The EUR/USD pair had a slightly negative session on Tuesday, but as you can see we are essentially hanging around the 1.36 handle. I believe that this area is going to be supportive, and I don’t think that the pair will fall much lower, at least between now and the nonfarm payroll numbers. There are a couple different moving parts to the equation at the moment, but I think that this market essentially is going to come down to whether or not the Americans can produce enough jobs to have the participants believe and potential tapering.
That being said, I believe that this market will continue to be choppy as it has been for some time. And that there won’t be any real clarity for a wild. After all, we need to try to “read the mind” of the Federal Reserve, while deciding whether or not the European Central Bank is going to do something about the potential deflationary issues in the European Union.
More of the same.
This used to be the pair that everybody loved to trade.
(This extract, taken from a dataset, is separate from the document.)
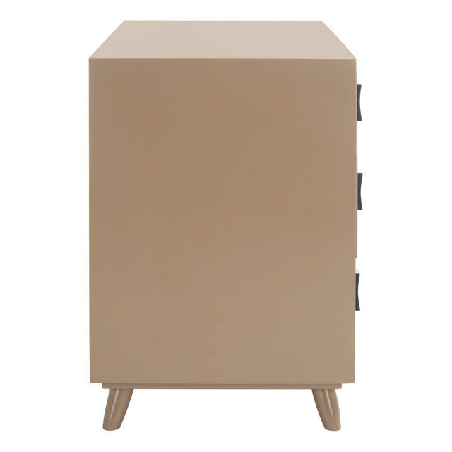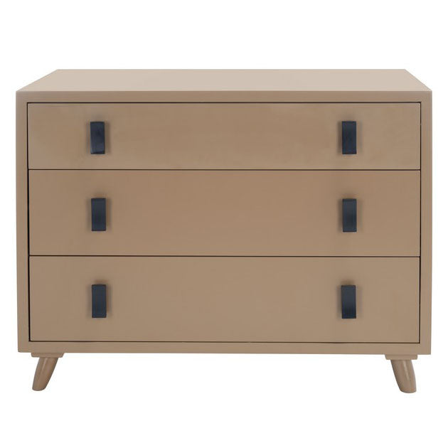 This 3-drawer Phillip chest offers a contemporary spin on vintage style. Ideal as a nightstand or as a chest in the living room, its neutral dark grey finish complements any décor. Its black metal hardware adds a touch of industrial luxe style to its drawers.

Part of it was based upon the fact that the spread is so low, and therefore it attracts a lot of new traders. However, if you look at the longer-term charts you can see just how erratic this pair has been for some time, and it appears that we are going to see more of the same, at least over the next couple of months. What we need is some type of definitive move in one direction or the other by one of the central banks. The biggest problem was that the Federal Reserve announced that it was tapering slightly, but in the same breath mentioned that the interest rates are going to be low for longer than originally anticipated. In other words, they did something, but basically punted in the end.
All things being equal, I believe that the consolidation area will be roughly between the 1.3550 level on the bottom, and the 1.38 level on the top. I think that any move to one of the extremes that shows either support or resistance could be a buying or selling opportunity. Beyond that, expect a lot of noise.